**AIM OF THE TASK:**
Search the records below for the string "with" and copy each line where it turns up.

**MATERIAL FOR THE TASK:**
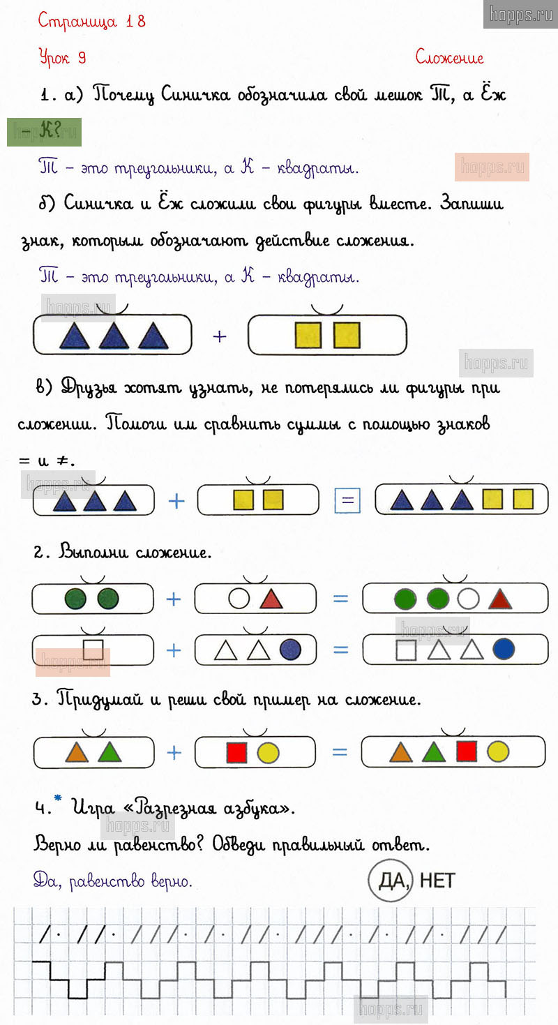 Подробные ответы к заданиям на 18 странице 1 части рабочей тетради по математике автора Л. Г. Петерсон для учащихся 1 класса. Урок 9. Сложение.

--

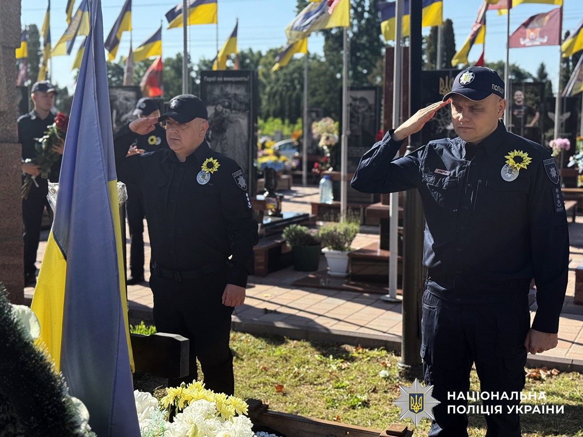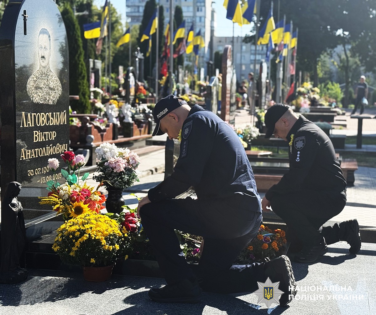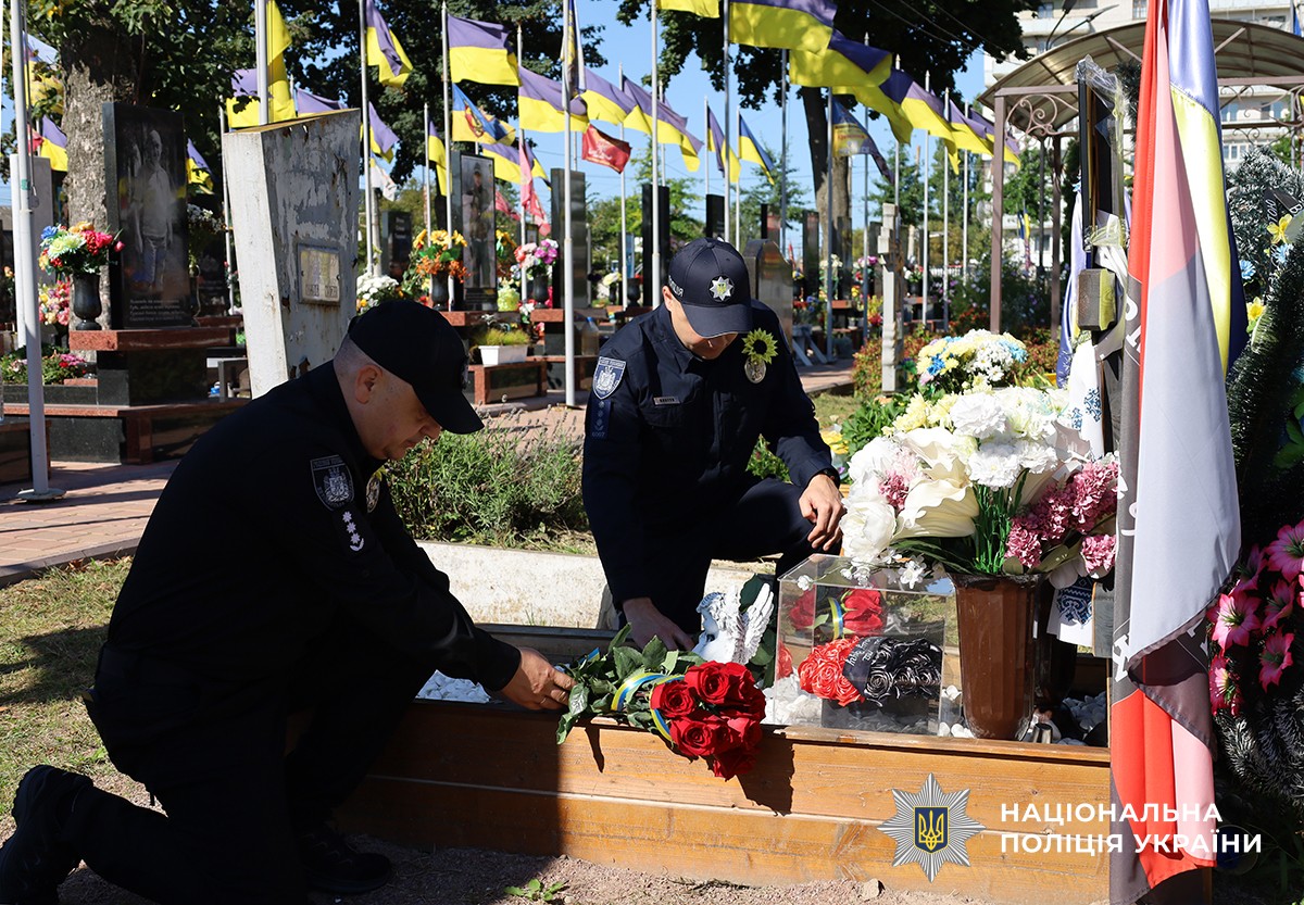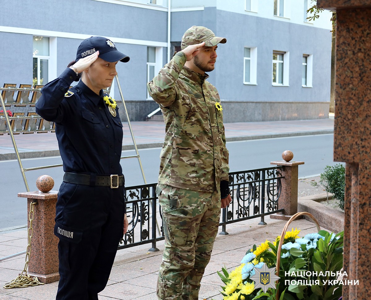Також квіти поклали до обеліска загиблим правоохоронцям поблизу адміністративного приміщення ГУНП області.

* * *

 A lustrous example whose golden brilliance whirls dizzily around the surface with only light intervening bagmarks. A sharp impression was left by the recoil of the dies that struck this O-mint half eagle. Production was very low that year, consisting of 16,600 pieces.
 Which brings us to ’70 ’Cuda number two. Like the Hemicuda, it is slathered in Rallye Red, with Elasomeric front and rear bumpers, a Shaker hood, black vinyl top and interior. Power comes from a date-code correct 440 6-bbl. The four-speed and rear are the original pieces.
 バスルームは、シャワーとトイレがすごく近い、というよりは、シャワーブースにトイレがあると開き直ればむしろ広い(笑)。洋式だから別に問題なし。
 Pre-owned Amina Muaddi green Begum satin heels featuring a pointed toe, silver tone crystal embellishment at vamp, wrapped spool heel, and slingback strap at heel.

**SOLVED PROBLEM:**
 A lustrous example whose golden brilliance whirls dizzily around the surface with only light intervening bagmarks. A sharp impression was left by the recoil of the dies that struck this O-mint half eagle. Production was very low that year, consisting of 16,600 pieces.
 Which brings us to ’70 ’Cuda number two. Like the Hemicuda, it is slathered in Rallye Red, with Elasomeric front and rear bumpers, a Shaker hood, black vinyl top and interior. Power comes from a date-code correct 440 6-bbl. The four-speed and rear are the original pieces.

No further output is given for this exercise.